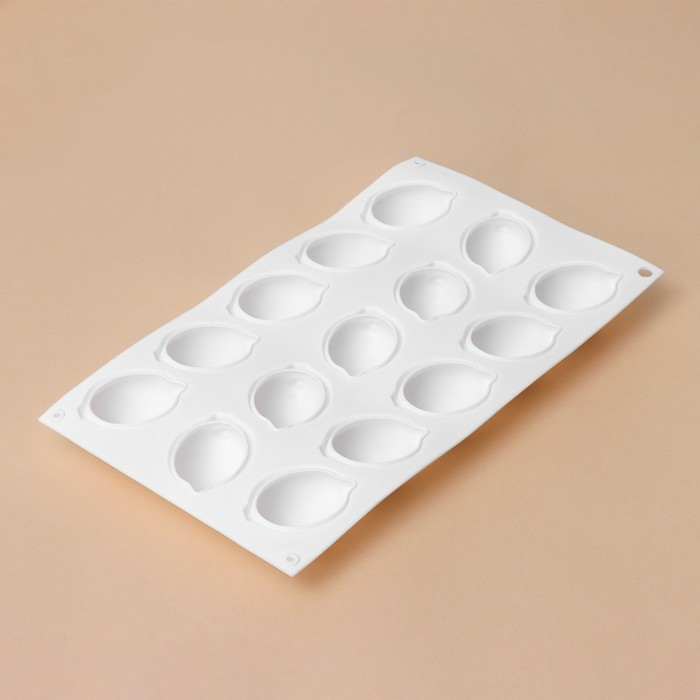 Форма для муссовых десертов и выпечки KONFINETTA «Лимоны», силикон, 29×17×3 см, 15 ячеек (5,5×4 см), цвет белый
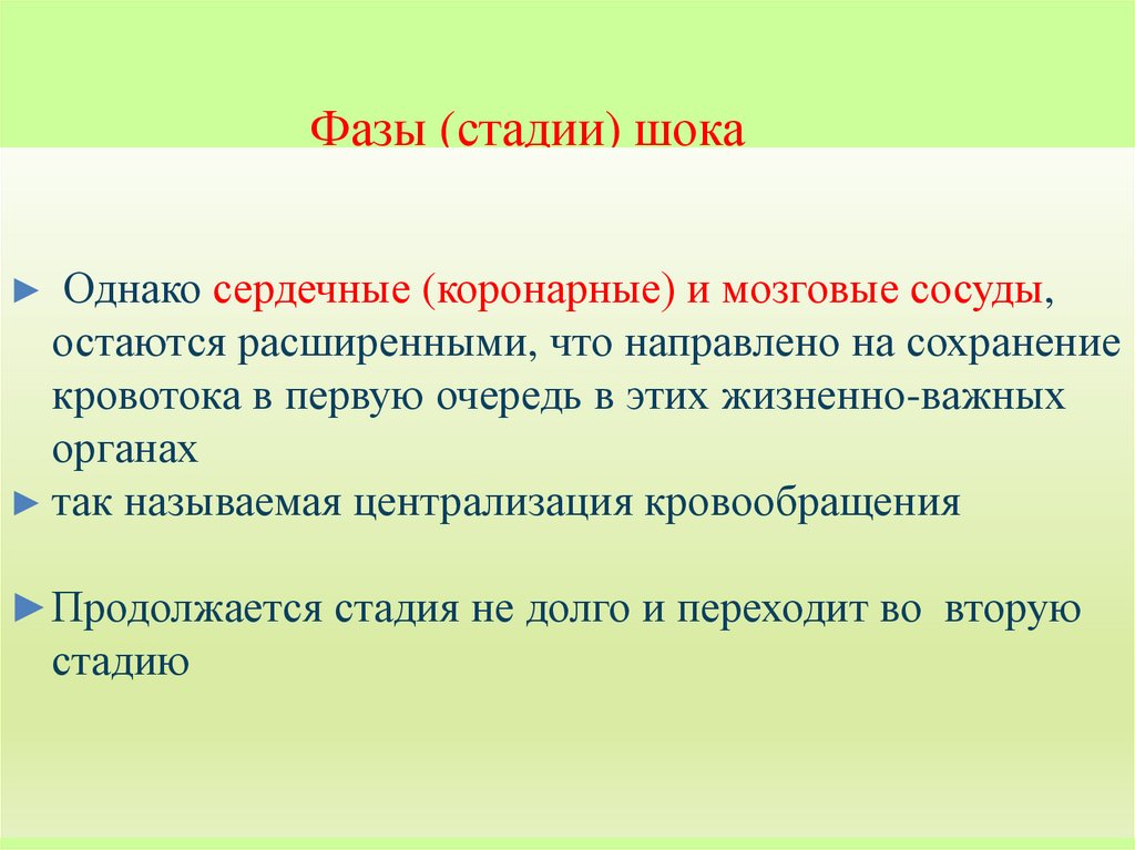 Фазы (стадии) шока► Однако сердечные (коронарные) и мозговые сосуды,
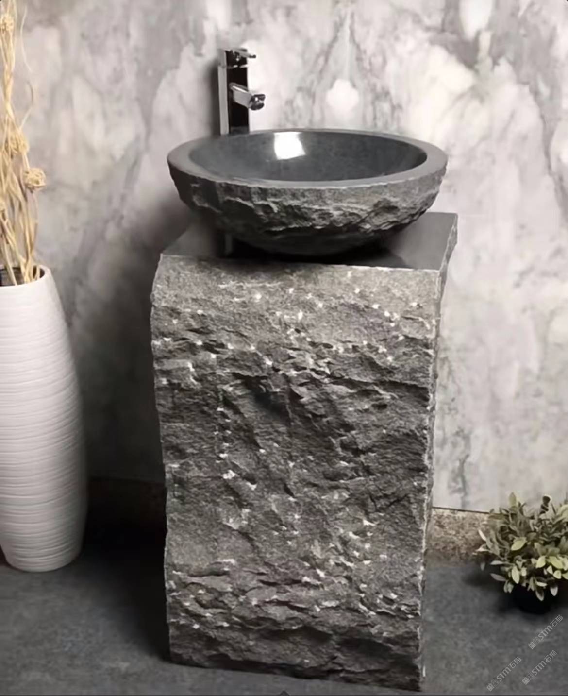 描述:石材立柱盆,具有不同形狀和尺寸的獨立元素,與衛(wèi)浴產(chǎn)品結(jié)合在一起。
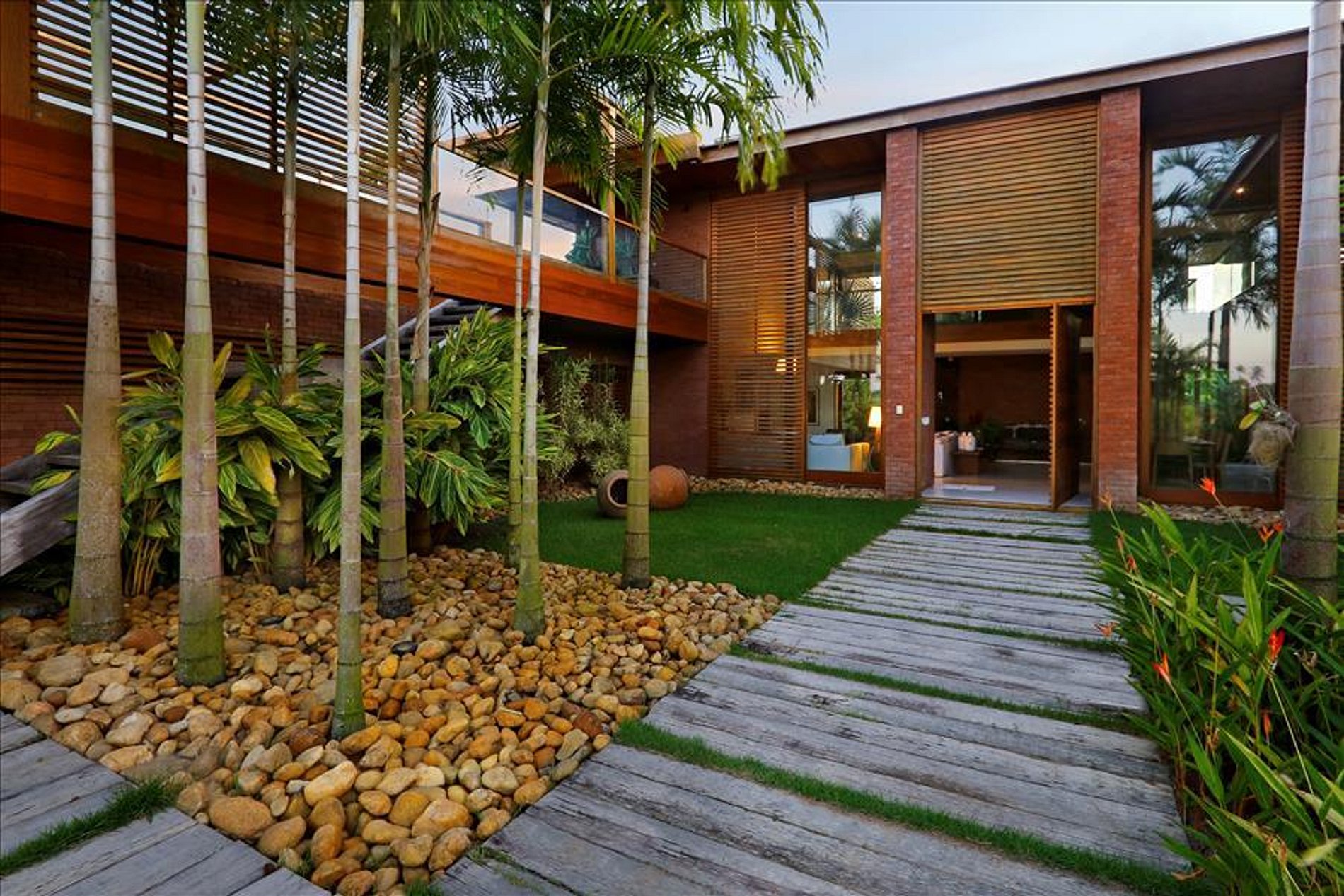 Na entrada, altas palmeiras dão boas vindas aos hóspedes e as áreas externas da casa são um convite para reunir família e amigos e contemplar o incrível céu de Trancoso. A noite é um espetáculo a parte, em que as luzes da piscina criam um visual mágico, ainda mais quando misturadas às luzes da casa.

--------------------

- To do
Skip all pictures. Write out only the lines from the one containing "Фазы (стадии) шока►" to the end of the listing above, inclusive, exactly as given.

- Problem solution
 Фазы (стадии) шока► Однако сердечные (коронарные) и мозговые сосуды,
 描述:石材立柱盆,具有不同形狀和尺寸的獨立元素,與衛(wèi)浴產(chǎn)品結(jié)合在一起。
 Na entrada, altas palmeiras dão boas vindas aos hóspedes e as áreas externas da casa são um convite para reunir família e amigos e contemplar o incrível céu de Trancoso. A noite é um espetáculo a parte, em que as luzes da piscina criam um visual mágico, ainda mais quando misturadas às luzes da casa.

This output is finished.